** Task details **
With the pictures left out, retype exactly the lines below starting at the line that contains "Студенты провели для" and ending at the line that contains "Includes: wooden ship".

** Given material **
# # #

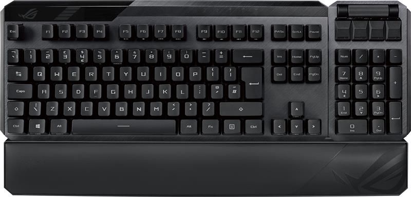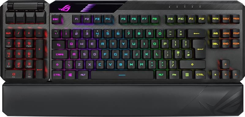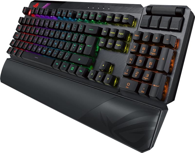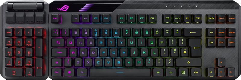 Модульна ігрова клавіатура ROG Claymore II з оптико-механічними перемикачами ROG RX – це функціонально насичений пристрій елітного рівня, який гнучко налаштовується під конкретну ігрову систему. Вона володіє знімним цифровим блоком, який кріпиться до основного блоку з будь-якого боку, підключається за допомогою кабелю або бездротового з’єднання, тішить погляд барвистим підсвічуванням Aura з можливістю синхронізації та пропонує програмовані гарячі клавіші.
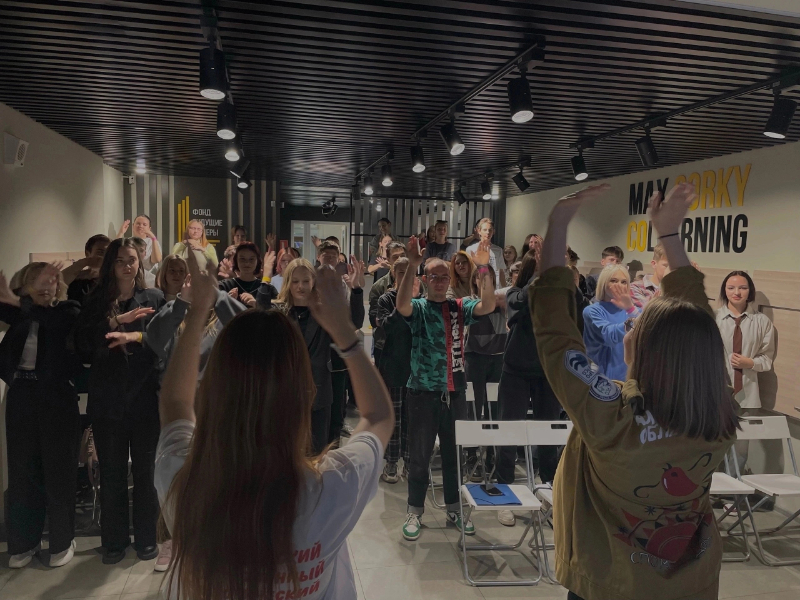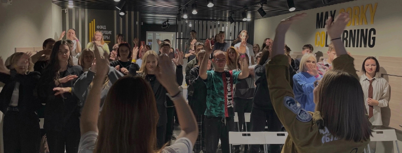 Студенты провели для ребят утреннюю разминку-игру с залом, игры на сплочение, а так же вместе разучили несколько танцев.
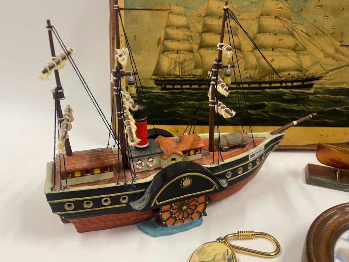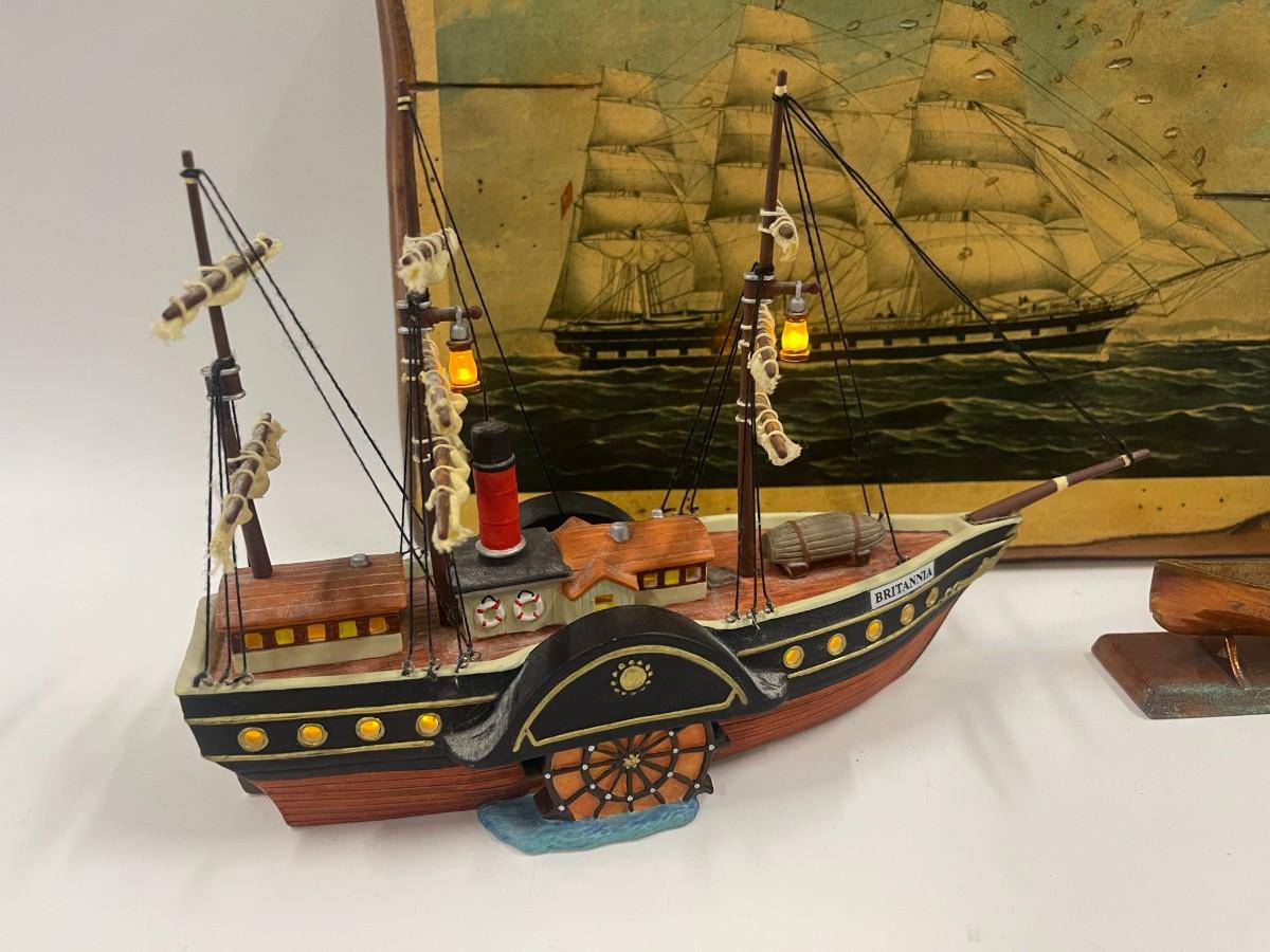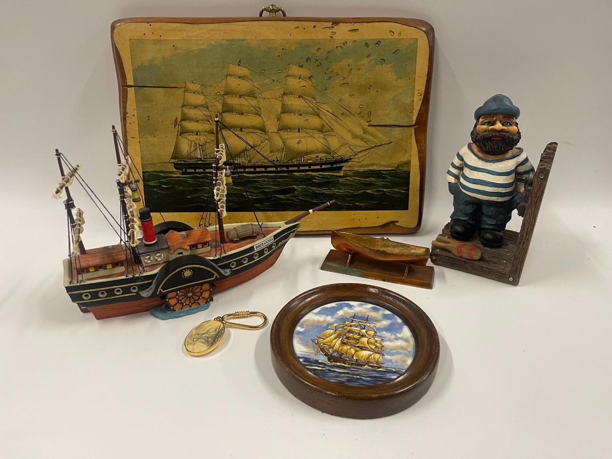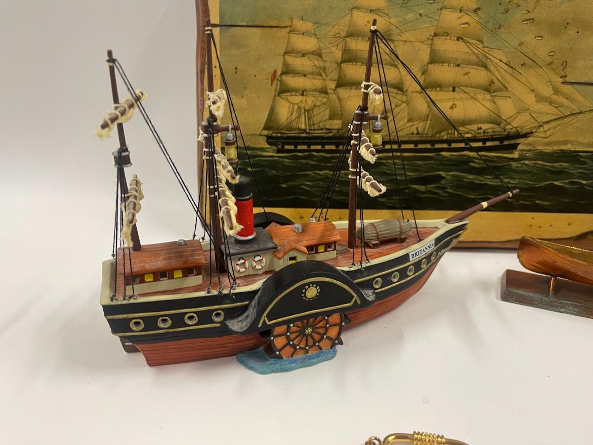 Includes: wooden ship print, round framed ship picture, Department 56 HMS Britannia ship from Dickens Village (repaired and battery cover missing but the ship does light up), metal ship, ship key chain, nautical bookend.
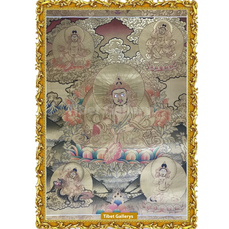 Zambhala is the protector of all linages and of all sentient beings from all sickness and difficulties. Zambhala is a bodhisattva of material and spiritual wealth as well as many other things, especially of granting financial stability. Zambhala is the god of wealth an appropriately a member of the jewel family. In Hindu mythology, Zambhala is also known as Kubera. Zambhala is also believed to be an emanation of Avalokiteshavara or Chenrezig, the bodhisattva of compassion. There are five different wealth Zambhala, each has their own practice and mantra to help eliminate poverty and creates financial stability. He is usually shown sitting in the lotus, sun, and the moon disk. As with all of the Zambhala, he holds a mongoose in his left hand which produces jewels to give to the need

# # #

** Task solution **
 Студенты провели для ребят утреннюю разминку-игру с залом, игры на сплочение, а так же вместе разучили несколько танцев.
 Includes: wooden ship print, round framed ship picture, Department 56 HMS Britannia ship from Dickens Village (repaired and battery cover missing but the ship does light up), metal ship, ship key chain, nautical bookend.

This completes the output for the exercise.